PostPosted: Thu 17 Oct 2013 - 10:15    Post subject: problème "existentiel" d'un conjoint Reply with quote

Je rejoins totalement Epona sur le fait qu'il faut demander à son conjoint bipo de se prendre en charge sur les choses qui le/la regarde : en gros une énorme partie de sa maladie.

C'est se responsabiliser et devenir conscient de son état, l'accepter au mieux et avancer au fur et à mesure.

Je suis actuellement en période de crise amoureuse avec ma femme, mais pour moi cela fait partie des moments où il faut recadrer les choses.
Pour moi cela veut dire tenter de séparer au mieux les problèmes familiaux -si enfants il y a-, les problèmes sociaux (argent, boulot, tâches quotidiennes, amis, parents/fratrie...), les problèmes de couple et les problèmes de bipolarité.

Souvent le tout est entremêlé est c'est bien normal. Par contre c'est un sacré boulot de s'écouter et s'entendre pour faire le tri. On a tendance à toujours tout remettre sur le dos de la maladie ou du bipolaire, mais je trouve que quand les sujets sont bien séparés on arrive à mieux les traiter.

Ensuite il y a ce que l'on accepte et ce que l'on accepte pas. Il y a des choix clairs à faire et il faut que le conjoint soit au courant avec nos choix, afin qu'il/elle se débrouille avec. Et là il n'y a pas d'histoire de bipolaire ou non, c'est chacun ses capacités et ses volontés.

L'amour reste un sentiment très beau mais qui peut nous emmener vers l'acceptation d'actes ou de situations qui ne nous plaisent pas. Au nom de l'amour, nous pouvons faire souffrir l'autre ou souffrir de l'autre. Je crois qu'il faut encore une fois trier dans ce qui nous fait du bien et ce qui ne nous correspond pas.

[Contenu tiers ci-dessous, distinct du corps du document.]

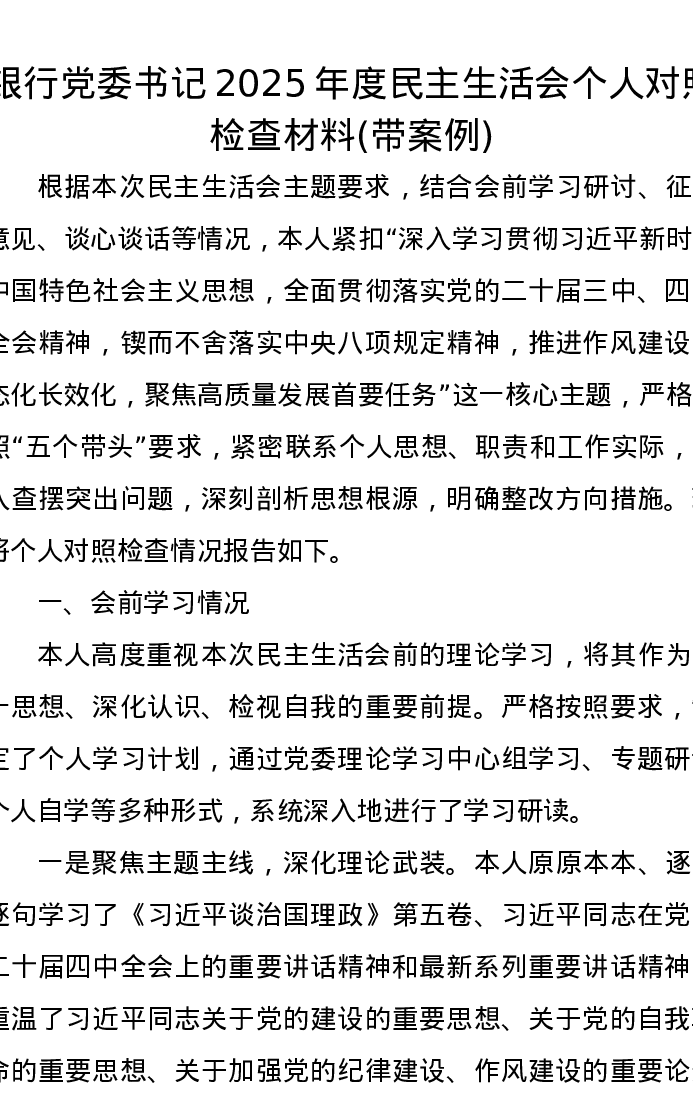 银行党委书记2025年度xxxxx个人对照检查材料(带案例)
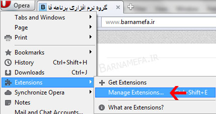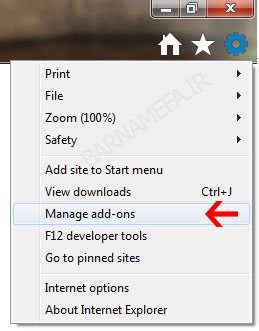 ۱- منوی اصلی مرورگر را باز کنید و روی گزینه ی Manage add-ons کلیک نمایید.
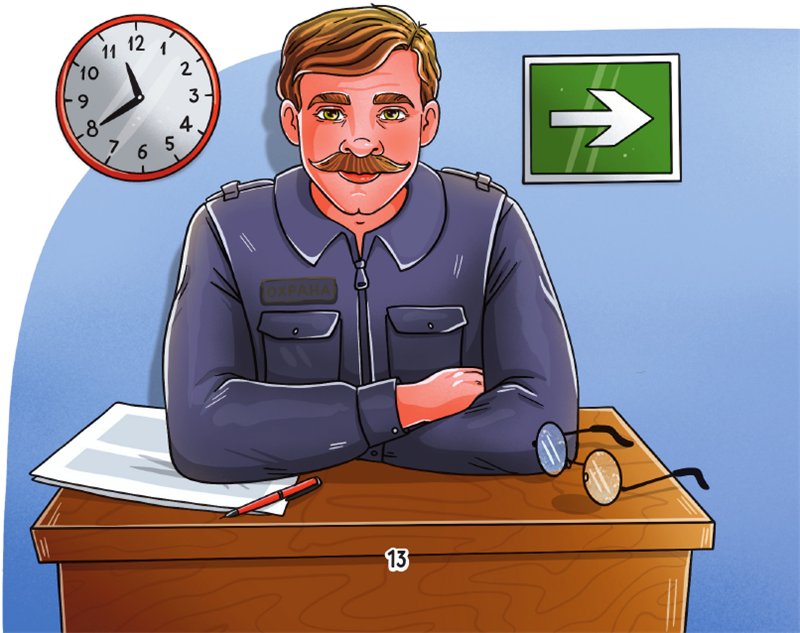 Борька большую часть пути двигался в общем потоке, но у самого входа в столовую свернул влево. Через коридор, мимо больших зеркал, расписанных гуашью, он шёл к охраннику Егору Денисовичу.
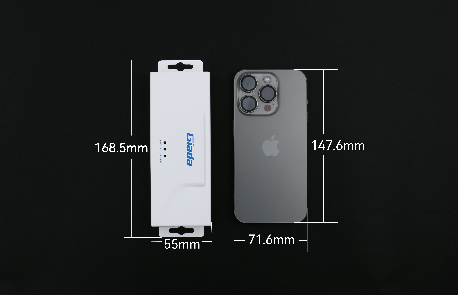沐鸣娱乐RD01的尺寸为168.5 mm x 55 mm x 24mm,与iphone 15的尺寸对比,除去挂耳,中部本体与其高度接近,体积小巧精致。
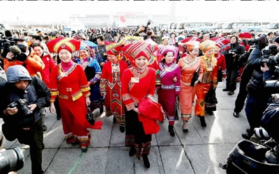 少數(shù)民族代表身著民族服裝步入會場。我國現(xiàn)行選舉法規(guī)定,人口特別少的民族至少應(yīng)有一名代表。國務(wù)院新聞辦去年9月27日發(fā)表的《中國的民族政策與各民族共同繁榮發(fā)展》白皮書顯示,我國歷屆全國人民代表大會中,少數(shù)民族代表人數(shù)占全國人民代表大會代表總?cè)藬?shù)的比例,均高于同期少數(shù)民族人口占全國總?cè)丝诘谋壤?/p>
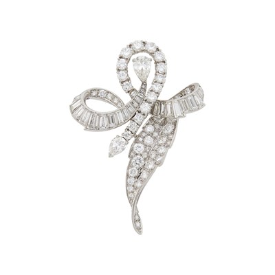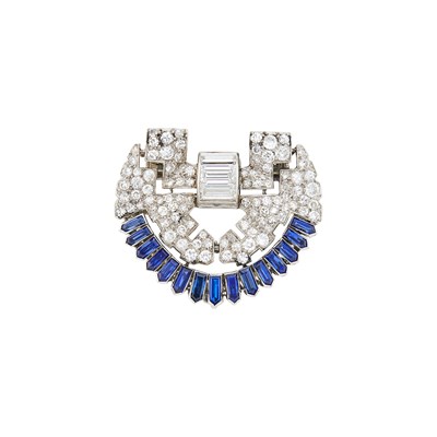 Platinum, Diamond and Synthetic Sapphire Clip-Brooch

Mon principale écueil, et je vois une psychologue pour essayer de comprendre mes attitudes et mes blocages, se rapporte à la sensation d'être cruel quand je refuse certaines choses à ma femme. Souvent elle me traitera de "sans-coeur", de "brute", et je vais culpabiliser.
Je n'accepte pas certaines de ses demandes dans mon fort intérieur, et pourtant je m'exécute quand même, allant à contre-courant de ce que je suis. Ce n'est pas clair et responsable de ma part. C'est une des choses que j'ai décidé de changer en moi.
C'est contre productif, je m'y perds autant qu'elle ne reçoit que des efforts de ma part qui sont, dans le fond, hypocrites donc pas utiles. Cela se retourne toujours à un moment ou un autre contre nous.

Le pouvoir de dire "non" doit s'appliquer, à mon avis, dans les deux sens. Il doit être accepté par l'autre, par nous-même, comme un droit qui -je pense- consolide le couple et l'idée que l'on se respecte mutuellement.

On ne doit pas s'émousser et perdre du relief parce qu'on aimerait que l'autre nous aime ou nous voit comme "quelqu'un de bien".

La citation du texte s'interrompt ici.